Final Thoughts: Engineer for Reliability
Even as LLMs get smarter, the principles of engineering for reliability will remain critical. You can start with a mostly deterministic workflow and gradually sprinkle in LLMs, allowing them to handle bigger and more complex tasks over time.
A developer from a major AI product team shared a similar perspective: find something right at the boundary of what the model can do reliably, and then engineer a system to make it reliable anyway. That is how you create something magical that is better than what everyone else is building.
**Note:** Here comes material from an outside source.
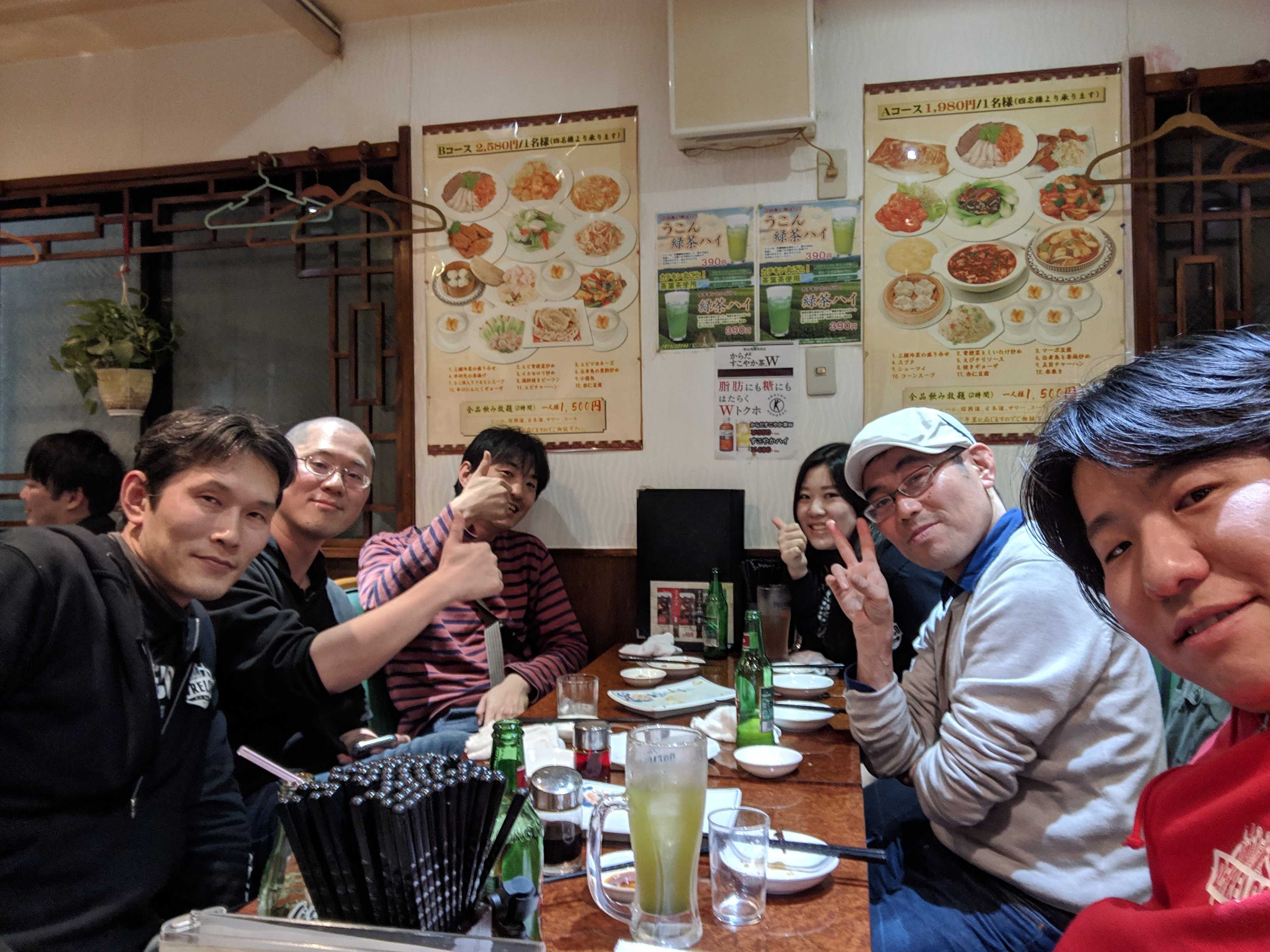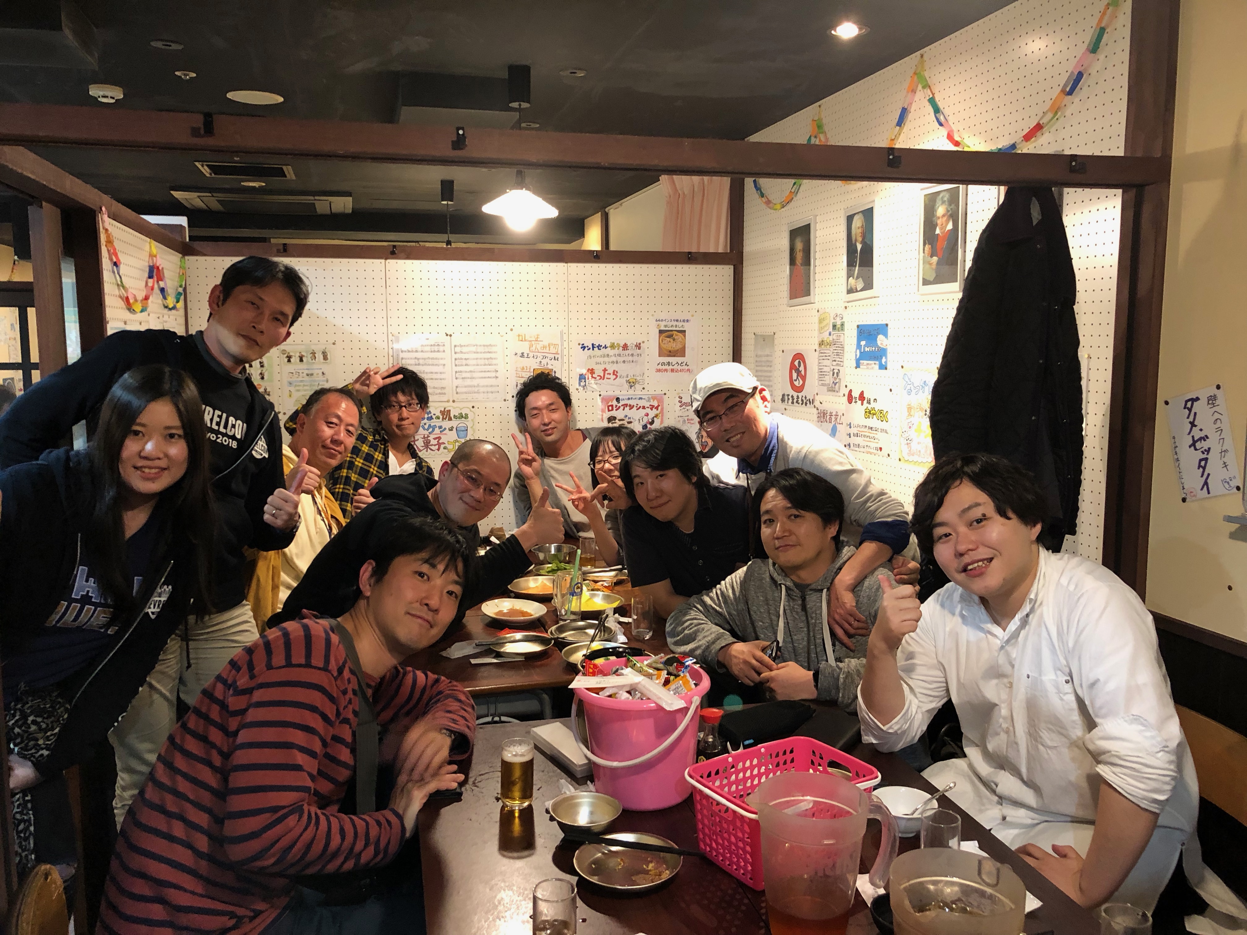 技術書典終了後は、入り口で記念撮影をして、打ち上げに向かいました。アンオフィシャルな打ち上げイベントもあったのですが、他のコミュニティメンバーも交えて打ち上げする予定で人数も多かったので居酒屋での打ち上げになりました。

Key Takeaways: * Agents are Software: You already have the skills. If you've written a switch statement and a while loop, you can build a reliable agent. * Own Your State and Control Flow: It gives you the flexibility needed to build robust systems. * Find the Bleeding Edge: Create better systems by carefully curating what you put into the model and how you control what comes out. * Agents are Better with People: Find ways to let agents and humans collaborate seamlessly.
There are hard parts to building agents, but the tools we use should take away the other hard parts of software development, so we can focus our time on the hard AI parts: getting the prompts, the flow, and the tokens right.